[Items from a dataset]
..........
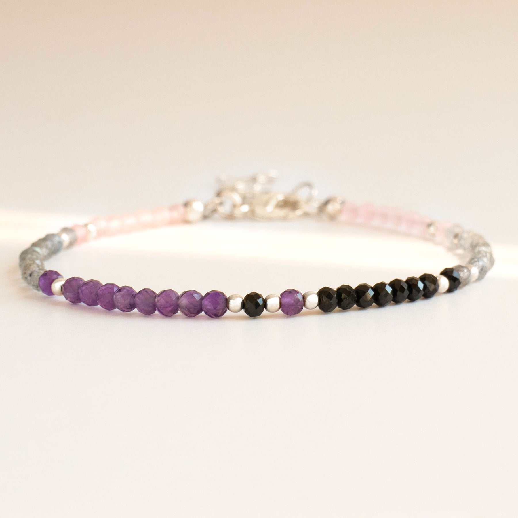 Our Empath Protection Bracelet is a dainty bead bracelet crafted with black tourmaline, labradorite, amethyst, and rose quartz. Designed to offer protection and balance for empaths. These crystals are believed to help absorb and transmute negative energy. It is available in Sterling Silver, 14K Gold filled, and Rose Gold filled options.
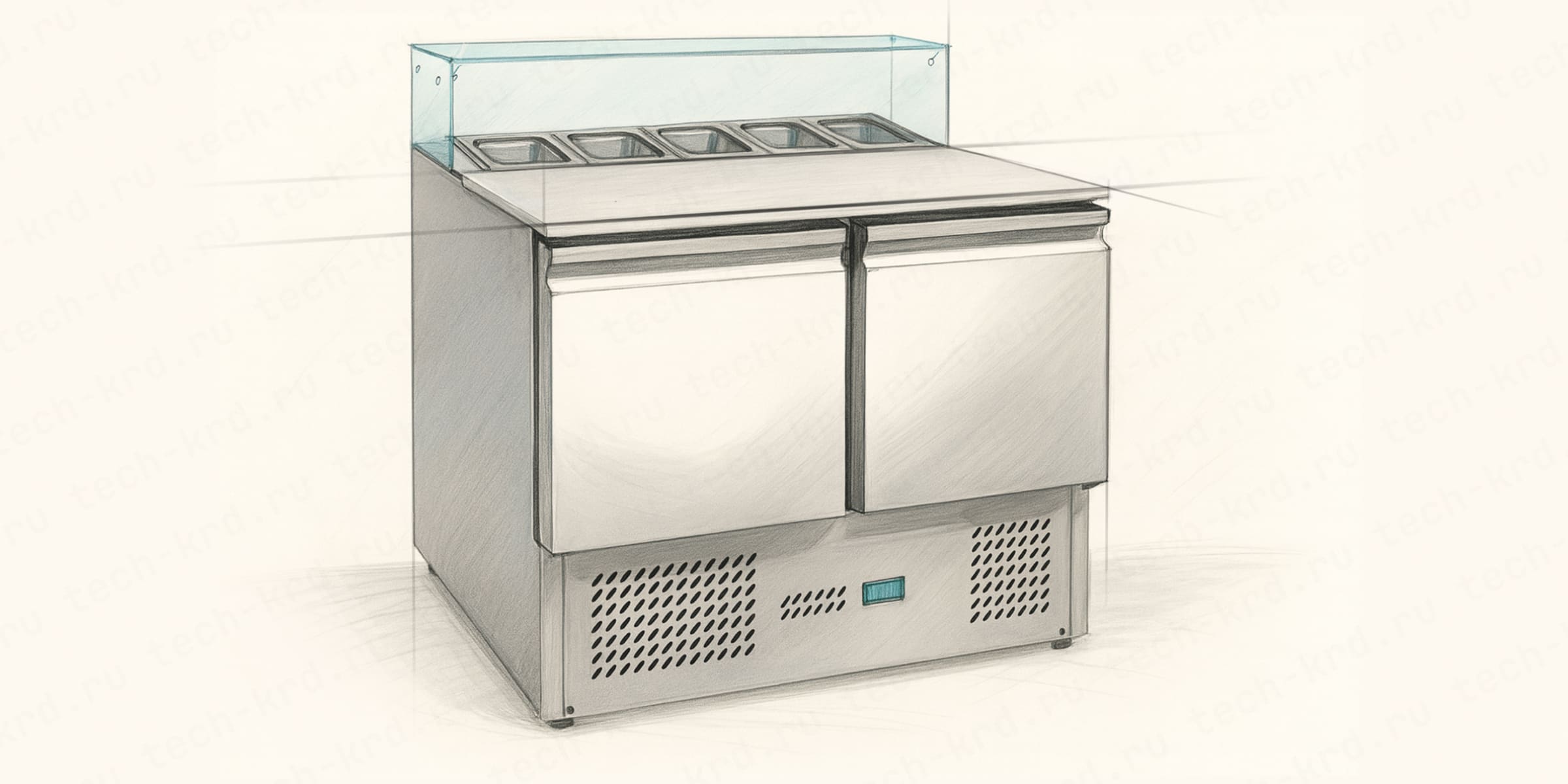 Сверху расположены места для гастроёмкостей (в них находятся овощи, соусы, сыр, мясные топпинги), снизу — охлаждаемые шкафы или выдвижные ящики с запасами.
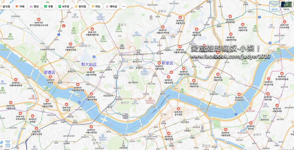 60雞炸雞60계치킨在韓國有多家分店,首爾、釜山、濟州島都有,大家要去韓國之前可以自行用NAVER MAP搜尋”60계치킨”,確認住處附近有沒有,以及該分店是否持續營業哦~
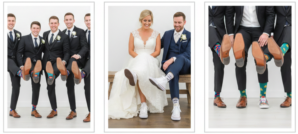 - What Works Best: Matching socks, themed socks, sneakers under the dress, custom shoes, or playful wedding party footwear.
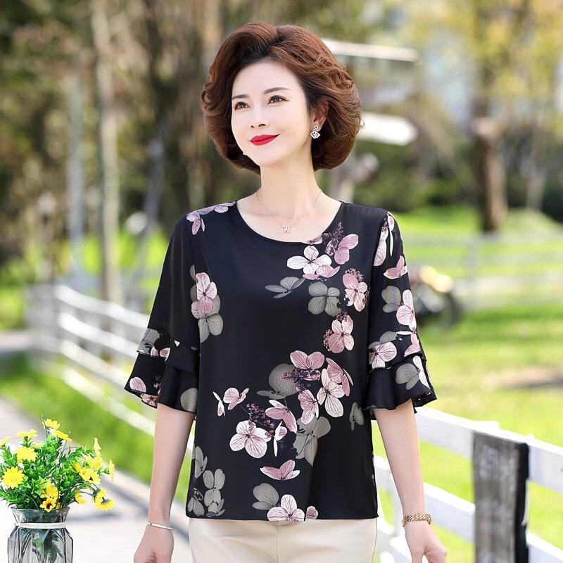 ️Có Big Size️Áo Kiểu Trung Niên Phối Họa Tiết Hoa Sang Trọng Cho Mẹ U50-80
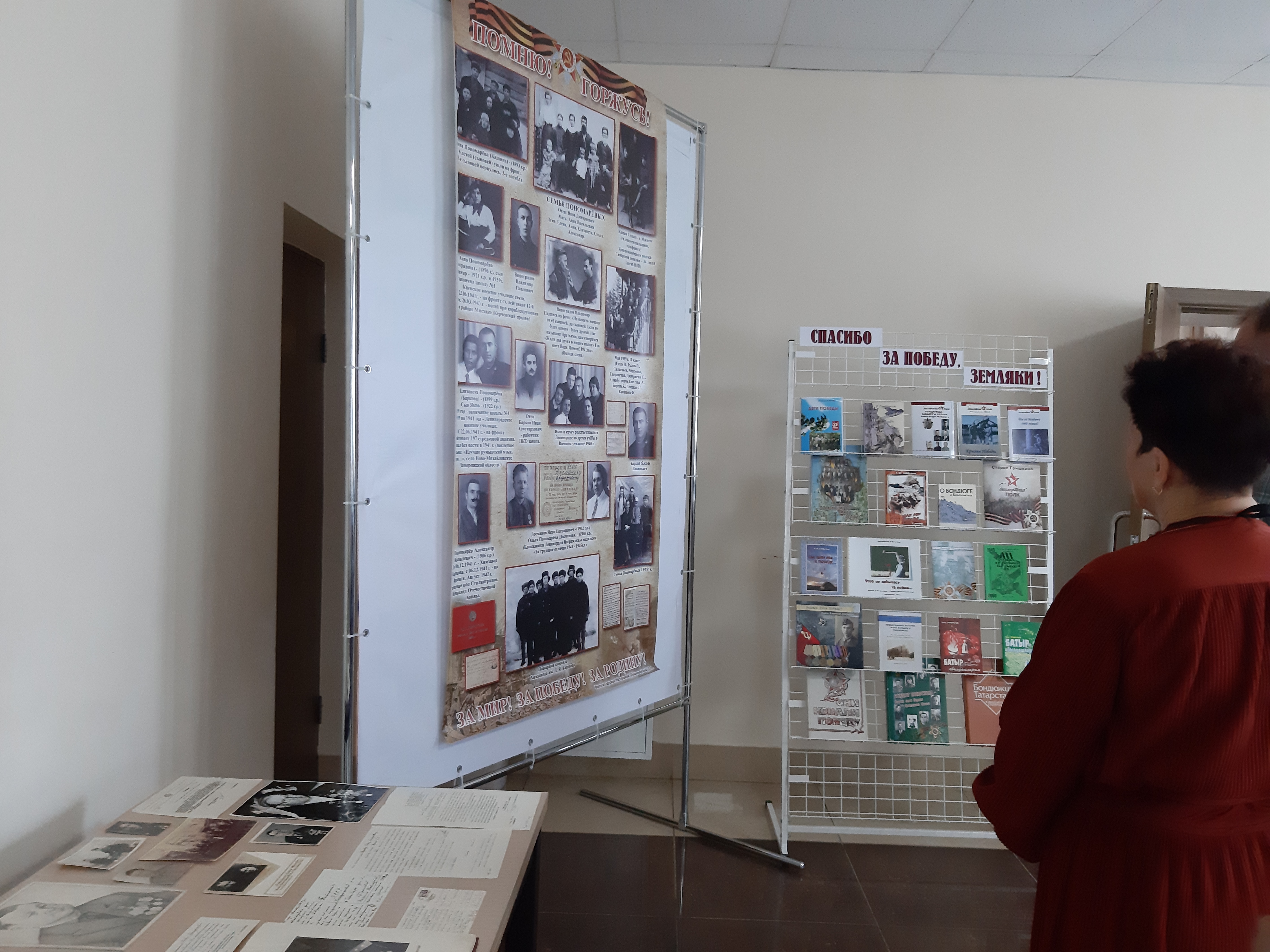 Сотрудники музея подготовили выставку подлинных документов и фото героя Советского Союза Павла Фролова и генерал-лейтенанта Василия Буркова, книг о земляках-фронтовиках. Хранитель фондов О.Смолькова выступила с презентацией Менделеевского корпункта Виртуального музея Великой Отечественной войны.
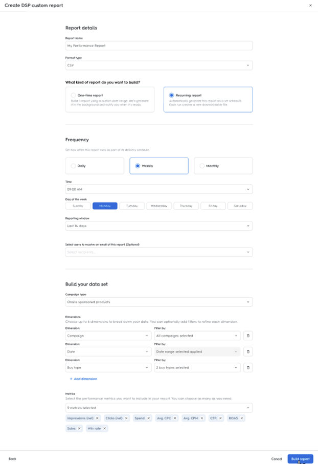 These reports give complete control over how the data is structured and delivered. Unlike standard reports, it lets you build your own dataset by choosing exactly which metrics, dimensions, and filters you want to include. This means every report can be tailored to your specific goals - whether you're analyzing performance, comparing trends, or pulling detailed breakdowns.
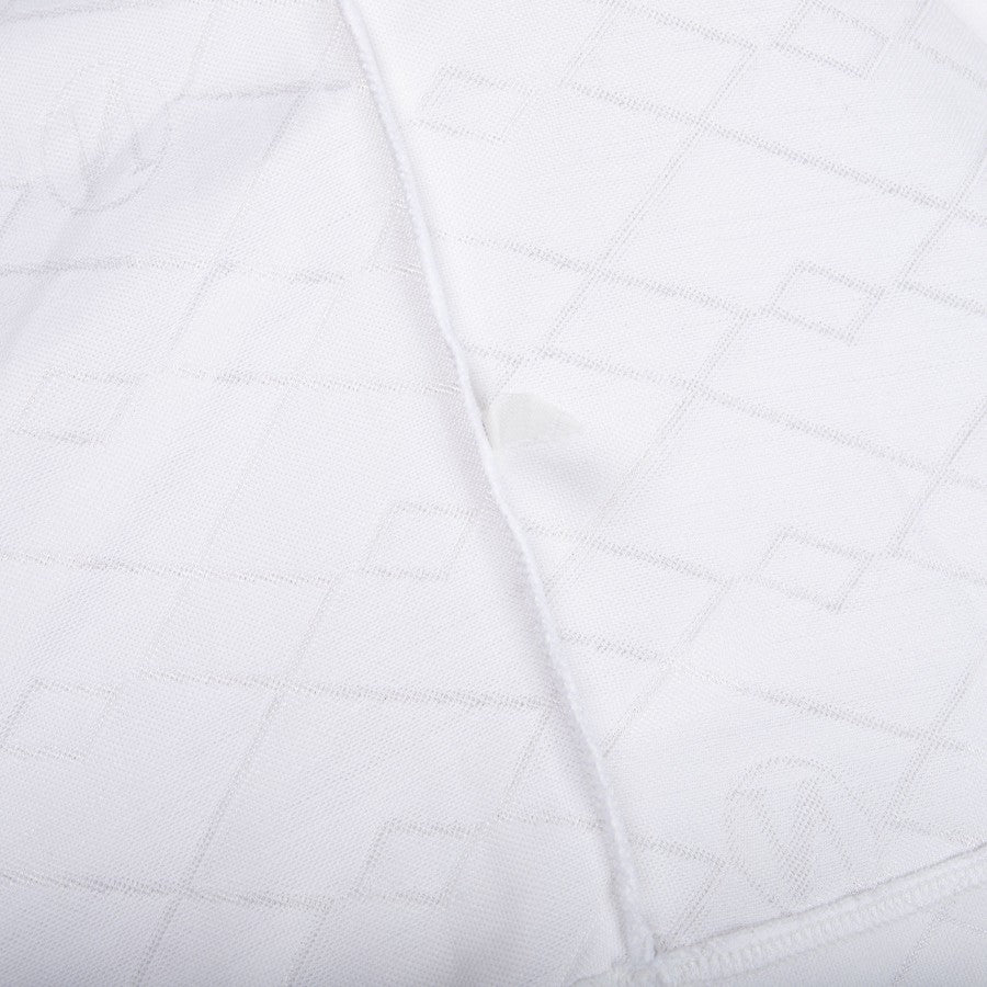 White short-sleeved Napoli Away jersey. On the shoulders and along the sleeves stretches the unique pattern of interwoven stripes with various shades of blue that recall the main colors of the Neapolitan team. On the front, the center features the logo of commercial sponsor Record Cucine in sublimation, the Lotto sponsor embroidered on the right side and the Ssc Napoli crest stitched on the heart side. On the back is the number 4 in sublimation in blue .
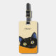 Playful illustration of a black cat with bright yellow eyes peeking over an orange blanket. The curious expression and vivid colors create a fun and eye-catching design, perfect for a luggage tag that adds personality and charm to any traveler’s bag.
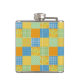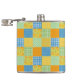 A pretty Vinyl-wrapped Hip Flask, with a faux-patchwork pattern of Daffodil prints, with Polka Dots and Check Ginghams in green, orange, yellow and blue and white. Part of the Posh & Painterly 'Daffy-down-Dillies' collection.
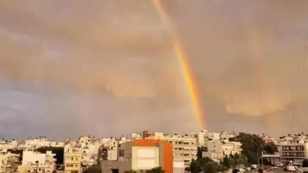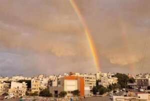 Ένα υπέροχο θέαμα αντίκρισαν οι κάτοικοι του Ηρακλείου Κρήτης το απόγευμα της Κυριακής, καθώς διπλό ουράνιο τόξο ξεχώρισε στον ουρανό.
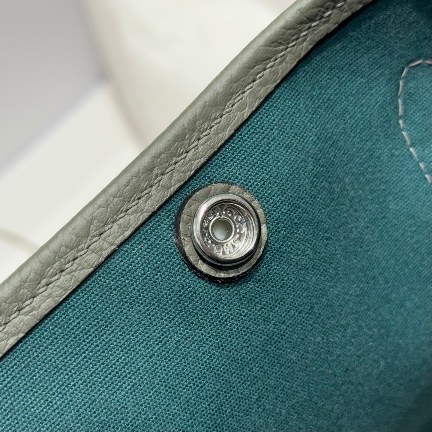 HM Garden Party 30cm Bag Vert Amande Togo Beige Canvas
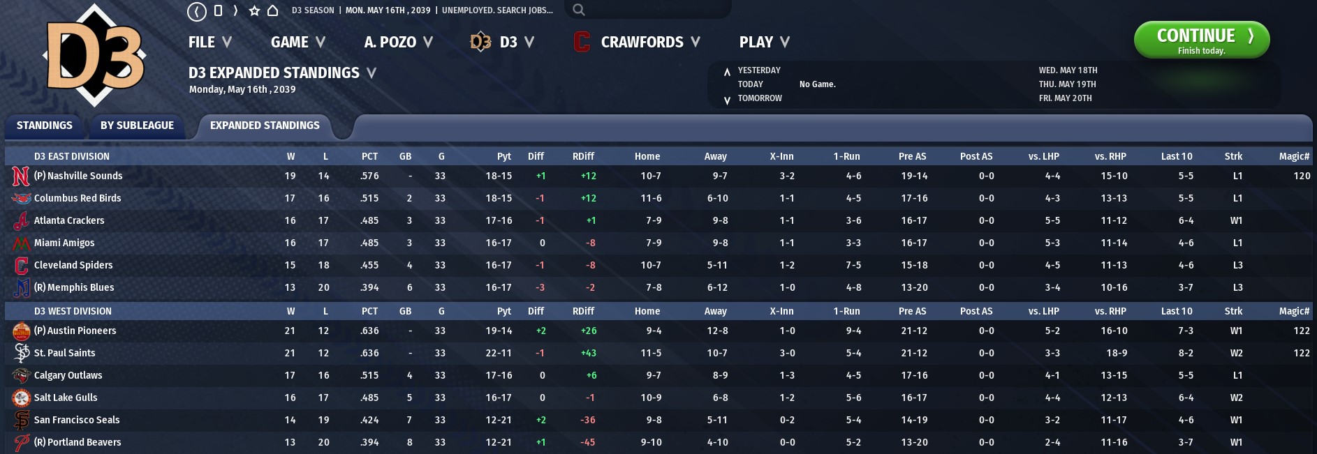 Division 2 The Boston Bees were 3-4 and the Baltimore Terrapins were 4-3, with the end result of a two-way tie for first in the D2 East at 19-14 apiece. Baltimore’s early rotation struggles are perhaps starting to stabilize; after some adjustment Cory Spry has been strong recently, while Eric Cool has made a nice transition from the pen, and Randy Putnam has been outstanding despite a 4-4 record. Baltimore’s offense remains strong despite a deep slump for Omar Juarez, last season’s MVP. Boston is in nearly the same boat: a powerhouse offense that leads D2 in Batting WAR, but a weaker pitching staff. The bullpen has been great after recent adjustments, though, with closer Tim Potter one of the best in the game right now. Three teams sit at 16-17, three games back from the leaders. Ottawa has been surprisingly strong this season and has a +15 run differential with a top 3 offense led by DH Brian Pressley and 2B Omar Arredondo. Ottawa’s bullpen has also performed well early, but the rotation has been a disappointment and could use an upgrade. New Orleans has a top 5 offense but much of that can be attributed to Carlos Ybarra’s early season explosion; Kyle Hickenbottom has nearly matched his power with 12 homers of his own, but Robert Zermeno hasn’t heated up yet. New Orleans will also need some bullpen stability. Montreal is the third club three games back, and has struggled offensively; the pitching has been solid but the club could really use Bubba Fread, who is on a rehab assignment in the minors as he prepares to make his season debut. That leaves us with Detroit, at 15-18 but with a 4-3 week that suggests they may be turning things around a bit. The Buffaloes stay on top in the west, and have now significantly increased that lead after a 6-1 week that included two wins apiece against Baltimore, Boston, and San Diego. While their pitching staff is aging and has significant holes, there’s no denying this squad can hit, with a dynamic young lineup centered on 1B Doug Frey, DH Bill Tucker, and C Justice Slaton. Houston is the only team in the west with a positive run differential; the next three teams, all tied at 16-17, have some work to do. San Diego has the best pitching in the Division with Brice Asmus pitching like an ace and Max Cartmill having the season of his life, plus good campaigns from young starters Alex Ojinaga and Aaron Meadows. But the hitting is another story, as San Diego has socred only 105 runs this season, the fewest of any D2 club. Sacramento is in a similar boat, as Yusuke Kondo and Josh Argo have led the way in the rotation with newly-acquired closer Xavier Mayes approaching lights-out status at the back end, but with little offensive contribution from their big bats so far. Vancouver is in this group too, but the Mounties just dropped four straight to Ft. Worth and Baltimore after pulling into second in the Conference at the start of the week; they’ve had some standout pitching performances, but the offense hasn’t arrived yet. That’s especially true of Leo Rodriguez, who has hit only three homers this season - fewer by five than his total in last season’s Championship Series. Ft. Worth was 4-3 this week, but an even better sign for them is the hot hitting of Jesse Moeller, who took a while to get off the ground but who hit .391 with a .609 SLG this week. Kansas City continues to flounder in last place, and seems destined for a relegation. Player of the Week: Bill Tucker, RF, HOU: .481/.517/.963, 4 HR, 9 R, 9 RBI - 3 HR game, 5/14 Top Hitters: Devon Johnson, 3B, BAL: .412/.517/.963, 2 HR, 4 R, 2 RBI Leo Rodriguez, 3B, VAN: .429/.448/.607, 1 HR, 5 RBI Jesse Moeller, CF, FTW: .391/.417/.609, 1 HR, 3 R, 3 RBI Top Pitchers: Brice Asmus, SP, SDP: 9 IP, 0.00 ERA, 0.82 FIP, 12 K, 5 HA, 1 W Cory Spry, SP, BAL: 9 IP, 0.00 ERA, 1.16 FIP, 9 K, 6 HA, 1 W Rhett Frew, SP, KCM: 17 IP, 1.59 ERA, 1.16 FIP, 23 K, 2 W League News
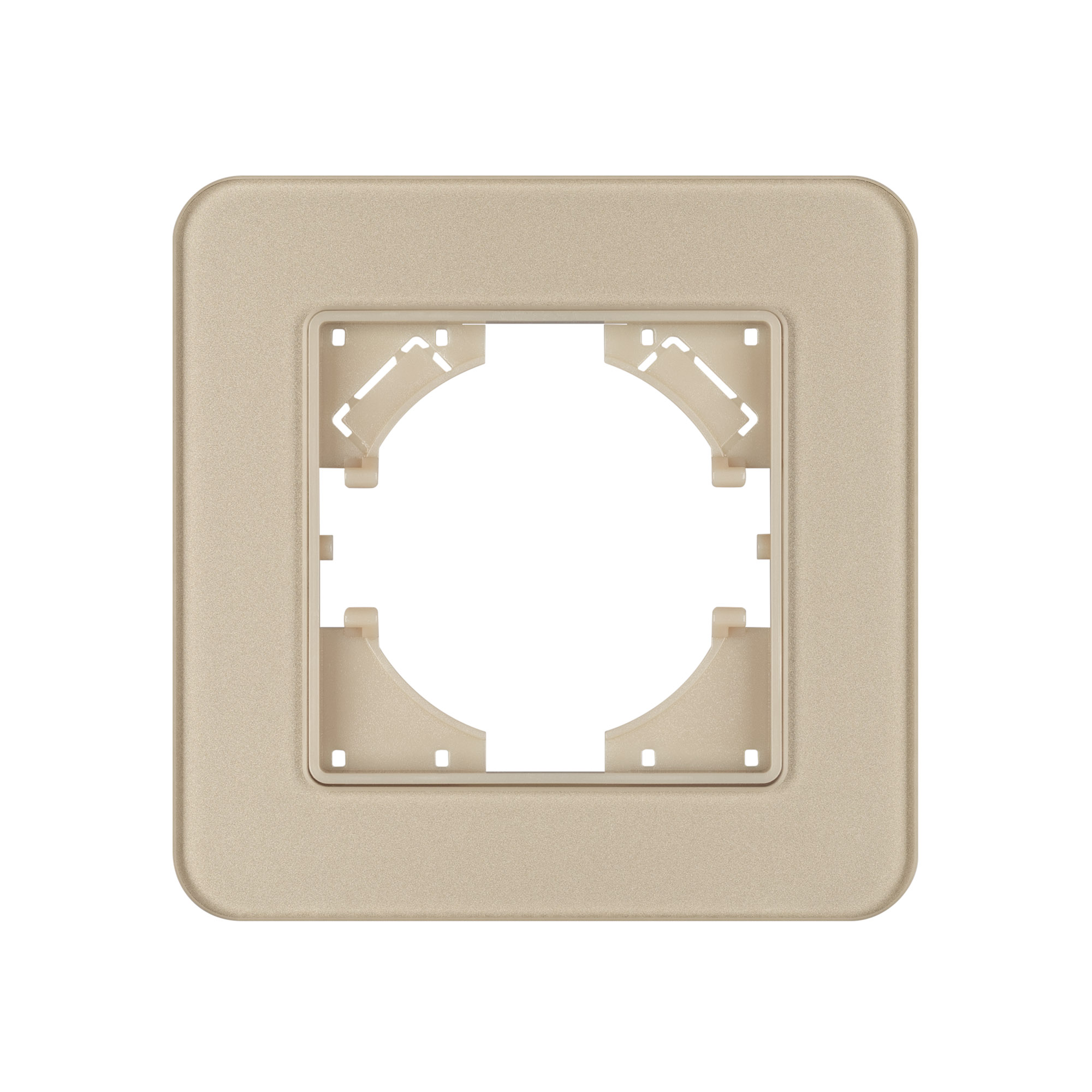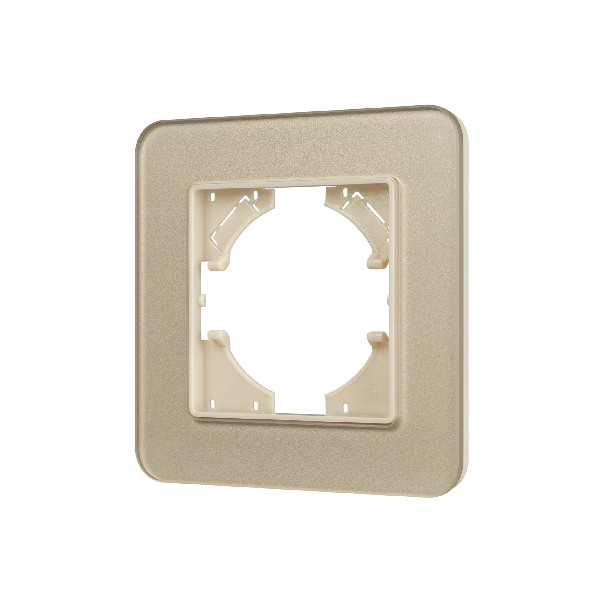 Рамка стеклянная на 1 пост, под встраиваемый механизм. Цвет - золотой. Среднего уровня герметичности IP20. Ориентация монтажа - горизонтальная (основным ориентиром служат посадочные выступы для накладки механизма).
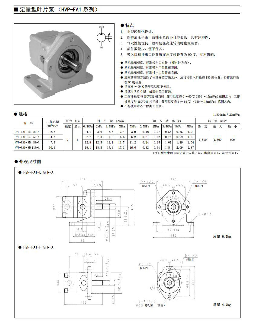 HVP-FA1系列定量叶片泵
..........
Action item -> Go to the line above that has "- What Works" and copy exactly from there down to the line that has "HM Garden Party", both included. Leave the pictures out.

Reply to the exercise ->
 - What Works Best: Matching socks, themed socks, sneakers under the dress, custom shoes, or playful wedding party footwear.
 ️Có Big Size️Áo Kiểu Trung Niên Phối Họa Tiết Hoa Sang Trọng Cho Mẹ U50-80
 Сотрудники музея подготовили выставку подлинных документов и фото героя Советского Союза Павла Фролова и генерал-лейтенанта Василия Буркова, книг о земляках-фронтовиках. Хранитель фондов О.Смолькова выступила с презентацией Менделеевского корпункта Виртуального музея Великой Отечественной войны.
 These reports give complete control over how the data is structured and delivered. Unlike standard reports, it lets you build your own dataset by choosing exactly which metrics, dimensions, and filters you want to include. This means every report can be tailored to your specific goals - whether you're analyzing performance, comparing trends, or pulling detailed breakdowns.
 White short-sleeved Napoli Away jersey. On the shoulders and along the sleeves stretches the unique pattern of interwoven stripes with various shades of blue that recall the main colors of the Neapolitan team. On the front, the center features the logo of commercial sponsor Record Cucine in sublimation, the Lotto sponsor embroidered on the right side and the Ssc Napoli crest stitched on the heart side. On the back is the number 4 in sublimation in blue .
 Playful illustration of a black cat with bright yellow eyes peeking over an orange blanket. The curious expression and vivid colors create a fun and eye-catching design, perfect for a luggage tag that adds personality and charm to any traveler’s bag.
 A pretty Vinyl-wrapped Hip Flask, with a faux-patchwork pattern of Daffodil prints, with Polka Dots and Check Ginghams in green, orange, yellow and blue and white. Part of the Posh & Painterly 'Daffy-down-Dillies' collection.
 Ένα υπέροχο θέαμα αντίκρισαν οι κάτοικοι του Ηρακλείου Κρήτης το απόγευμα της Κυριακής, καθώς διπλό ουράνιο τόξο ξεχώρισε στον ουρανό.
 HM Garden Party 30cm Bag Vert Amande Togo Beige Canvas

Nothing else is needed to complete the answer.